Bonnie: When I first started covering this space, before Bitcoin ETFs launched, Grayscale's GBTC was the benchmark for institutional adoption of securitized products. People often used its discount or premium relative to NAV as a sentiment indicator. Before discussing sentiment, can you explain why a premium or discount occurs?

Krista Lynch: Sure. ETFs trade in two markets simultaneously. Investors like you and me buy and sell ETF shares on the secondary market through brokerage accounts like Fidelity or Schwab. But ETFs also trade on an institutional-level primary market. In the primary market, Authorized Participants work directly with ETF market makers to create new shares or remove existing shares from the market.

A premium or discount arises when the secondary market price doesn't equal the NAV, which is essentially the primary market price. Normally, the AP, or more accurately, the ETF market maker working with an AP, keeps the secondary market price very close to the NAV.

However, before GBTC became an ETF, it lacked a primary market function. The ETF market maker could only access one side of the market and couldn't keep the share price and NAV tightly aligned. Why was the market so focused on this discount/premium? It almost became a sentiment indicator on the probability of us winning our lawsuit and converting GBTC to an ETF. The market knew that once GBTC could convert, the mechanism would work as designed, and the share price should converge to NAV. Whenever important news emerged, the discount/premium would narrow or widen sharply, as the market used it to digest the implication for the probability of ETF approval.

Bonnie: But the Bitcoin market was already quite liquid back then. Why didn't arbitrageurs fully eliminate the discount or premium?

Krista Lynch: Now they can. If you look at Bitcoin ETFs today, premiums and discounts are typically just a few bps (basis points), very small. But before GBTC could list on an exchange or convert to an ETF, the discount or premium could reach 10% or 20%, which is almost unimaginable in an ETF. The reason was that arbitrageurs couldn't access the primary market; they could only trade in the secondary market. When there is an excess supply of shares in the market and no mechanism to reduce them, the price deviates.

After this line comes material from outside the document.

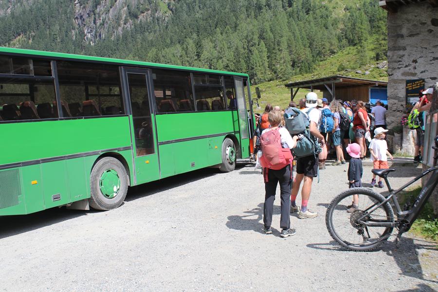 Platzieren uns im Weichen Gras, erstmal die Schuhe ablegen. Info an die Gruppe. Humprey wäscht sein schwarzes T- Shirt das vom Schweiß und dem Verlust von Salz weise Stellen aufweist. Herrlich das Wasser vermengt mit einer Tablette. Laut der Karte sind wir in etwa auf halbem Weg. Wie ist das mit einer Transport Gelegenheit, einige Fragen die sich stellen. Das Markante Habachtal kommt näher, die Sicht in die Hohen Bergen ist komplett verwehrt. Ständig passieren Radfahrer, ein Radl das wäre jetzt Cool., die Salzach wird überschritten, danach geht sogar ein Stück Bergauf. Kurz nach 12 Uhr, zweigt es endlich in das Habachtal ab, über einen Ferienhof kürzen wir ab, danach wird ein großer Parkplatz erreicht. Ein kleines Info Gebäude des Nationalparks kommt wie gerufen. Unendliche viele Fahrzeug parken. Gleich am Gebäude ist ein Brunnen, Bänke unter einer Info Wand wie geschaffen. 12.20 Uhr, frage die Junge Dame ob es hier einen Personen Transport in das Habachtal besteht, Sie antwortet mit einem klaren ja. Wann fährt das nächste Fahrzeug? 13.30 Uhr, das passt ja Super, von hier sind es bis zur Neuen Thüringer Hütte 5 Std. Logischerweise sind es mit der Fahrt dann deutlich weniger. Ist eine Reservierung nötig, das könnt ihr selber entscheiden, gut dann bitte für 2 Personen. Setzen und direkt daneben auf eine der Beiden Bänke. Schuhe Socken T-Shirt in die Sonne stellen, gleich vor der Nase die Straße dahinter ein Langgezogener Parkplatz der vom Berg begrenzt ist, teile liegen im Schatten von Bäumen. Eine Vesperpause passt Zeitlich. Der Mohnwecken wird verspeist, der Käse geht zur Neige. Ein Mülleimer findet sich. Nütze die Gunst im sitzen zu schreiben. Ständig kommen Fahrzeuge nur selten verlässt jemand das Gelände. Es gibt Probleme mit dem Parkautomat Hilfsbereit wie Sie ist kümmert Sie sich um die Besucher, wobei es nicht ihre Aufgabe ist. Sie gibt mir mein Handy zurück, nachdem es geladen ist. Mehr und mehr Menschen versammeln sich hier überwiegend sind es Tages Gäste mit Kind und Kegel, wollen die alle zur Alpenrose? Ein Grüner Bus fährt vor, Smaragd Express, ich kann es nicht glauben, hier verkehrt ein Bus. Ca. 30 Personen sind versammelt, bei 10 € sind das 300 €. Humprey begleicht beim Fahrer die Rechnung setzten uns hinten nach der Türe auf freie Plätze, der Rucksack findet einen Platz auf selber Sitzbank.

Centralized Exchanges, Liquidity Providers, and the ETF Creation Process

Bonnie: What role do centralized exchanges (CEXs) play in the overall mechanism?

Krista Lynch: They are very important trading outlets. As I mentioned, when we receive creation or redemption instructions, we need to buy or sell Bitcoin. For Grayscale, we engage in bilateral trades with some trading firms. But some issuers rely on exchanges as another venue to access liquidity.

Ultimately, we refer to these entities as liquidity providers. The dealers we trade with are also connected to this ecosystem. So, whether you trade directly with a liquidity provider or access liquidity through an exchange, the system is symbiotic. Liquidity providers might source tokens from exchanges or provide their own liquidity on exchanges, all of which contributes to the very tight pricing available to ETFs.

Bonnie: Can you explain the process step-by-step? What happens behind the scenes when I buy a share of a Bitcoin spot ETF?

Krista Lynch: This is my favorite question, and what I spend most of my time on. You and other investors buy Bitcoin ETFs. When demand accumulates, the ETF market maker providing you with those shares might end up with a short position. They sold you shares but don't necessarily have them in hand. To cover this short position, they need to create new shares.

So, they work with an AP. The AP is an entity with specific licenses that can interact directly with an issuer like Grayscale. The ETF market maker packages its net short share position and comes to Grayscale via the AP, saying, "I need to create shares to cover the short position I've built."

My team asks how many shares they need, converts that number into the equivalent amount of Bitcoin, goes into the market to buy that Bitcoin, and backs those shares with the equivalent Bitcoin. After settlement is complete, the ETF market maker receives the shares via the AP. You, the end investor, already have your shares. All of this happens behind the scenes. The end of the cycle is the AP delivering shares to the ETF market maker, who then covers its short position. This cycle of creations and redemptions happens continuously every day.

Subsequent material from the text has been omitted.